Madrid. — During the Hot Chips 2025 conference, NVIDIA provided more details about the GB10 Grace Blackwell SoC and the DGX Spark system, marking what many analysts call a new phase in their AI strategy focused on bringing data center power to personal workspaces.
These products promise to deliver high-performance capabilities in more compact formats, enabling prototyping, fine-tuning, and running AI models with capabilities previously reserved for large servers.
Below are the known specifications, what these devices entail, their advantages, limitations, and how they fit into the current technological landscape.
Main Technical Features of the GB10 SoC and DGX Spark
Based on the disclosed specifications:
- The GB10 is a multi-dielet SoC (dielets) combining an Arm CPU with a GPU based on NVIDIA’s Blackwell architecture.
- Manufacturing: both dies (CPU and GPU) are produced using a 3 nm TSMC process, with packaging via a 2.5D interposer to connect the components.
- CPU: 20 Arm v9.2 cores, organized into two clusters of 10 cores each.
- GPU: all key features of Blackwell, including support for FP4 (low precision allowing more operations per watt).
- Unified coherent memory: offers 128 GB of system memory (LPDDR5X) with significant bandwidth (≈ 301 GB/s) and up to 4 TB of NVMe storage in some systems.
- Theoretical performance: up to 1 petaFLOP in FP4. For FP32 (traditional precision), it provides approximately 31 teraflops.
- Power consumption (TDP): around 140 watts for the entire chip under normal operational conditions.
The DGX Spark system will house this GB10 and offer it as a “personal supercomputer” (desktop AI supercomputer). Collaborations with OEMs like ASUS, Dell, Lenovo, HP, among others, have been announced to produce variants within this format.
What DGX Spark with GB10 Enables
Here are some real-world uses and clear advantages:
- Local prototyping and fine-tuning of large models: With 128 GB of coherent memory, it’s feasible to work on models with tens of billions of parameters for lightweight training or fine-tuning before deployment.
- Energy-efficient inference: Thanks to Blackwell architecture and FP4 support, inferences can be run with lower power consumption, making it useful for researchers, developers, and small teams without access to large data centers.
- Local development with flexible deployment: models developed on DGX Spark can be easily deployed on DGX Cloud or other NVIDIA accelerated infrastructures with minimal code changes, facilitating local testing and subsequent scaling.
- Connectivity and expansion: Using networks like ConnectX-7/-C2C (chip-to-chip), multiple units can be connected to handle even larger models.
Limitations and Open Questions
While promising, there are aspects to consider:
- Price and availability: Although DGX Spark is now in reservation phase, initial prices have not been publicly confirmed across all markets and may vary significantly.
- Heat and noise: 140 W is substantial for a desktop setup.

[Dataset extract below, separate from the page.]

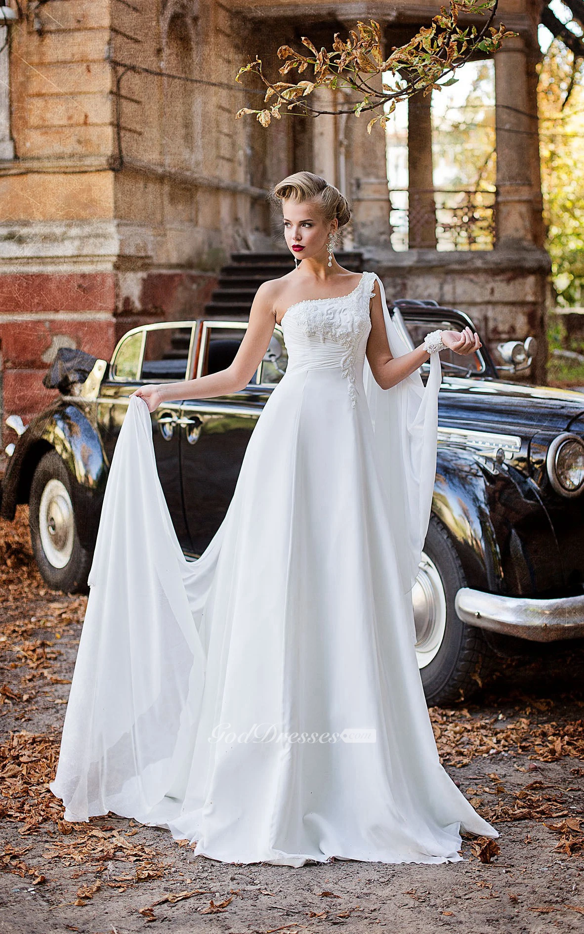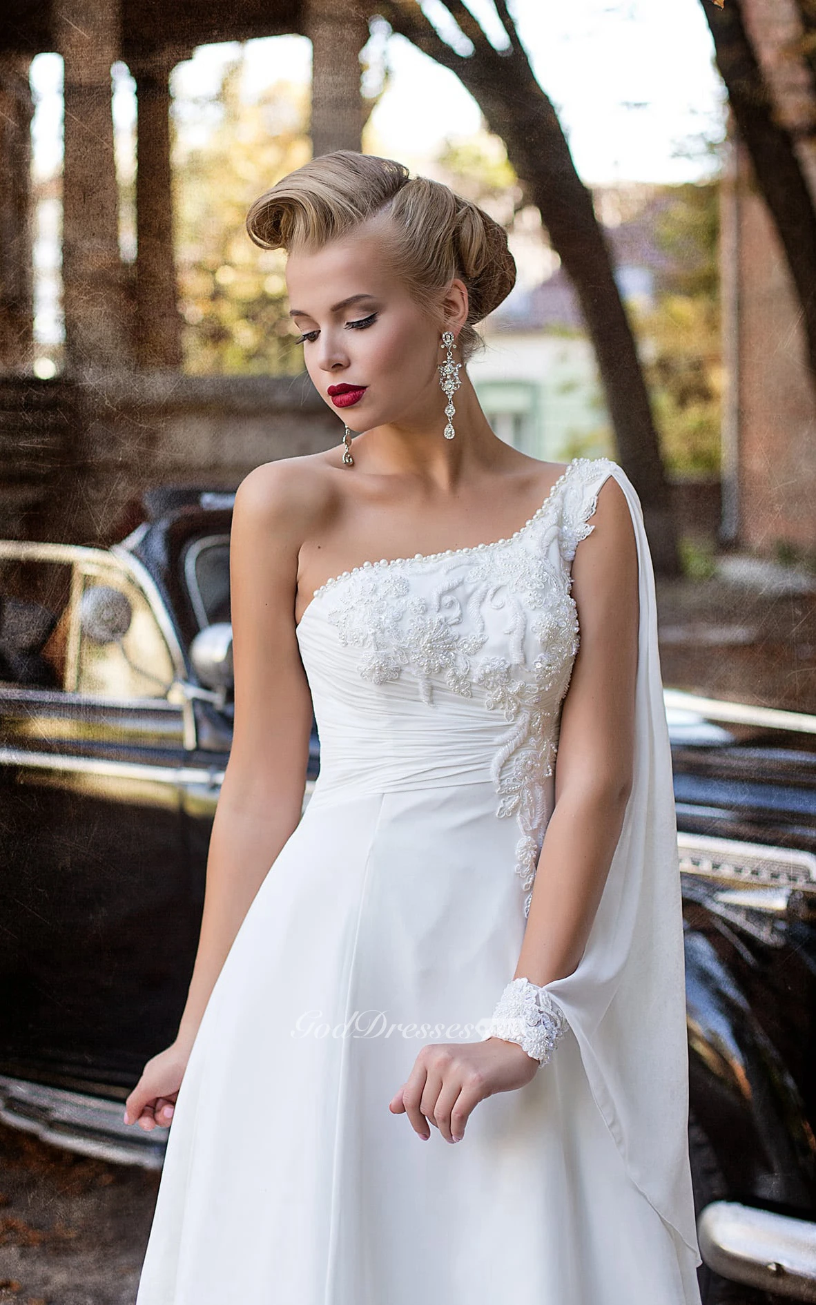 Sheath Floor-Length One-Shoulder Sleeveless Empire Lace-Up Chiffon Dress With Appliques And Beading

Effective cooling solutions will be necessary, potentially increasing noise levels or requiring well-ventilated environments.
- Size of real models vs. theoretical capabilities: While models with tens or hundreds of billions of parameters are discussed, achieving this in practice often involves quantization or reduced precision techniques to efficiently utilize hardware.
- Competition with cloud alternatives: For users already reliant on cloud infrastructure, local hardware may not provide sufficient benefits in terms of space, electricity, and support, especially at large scales.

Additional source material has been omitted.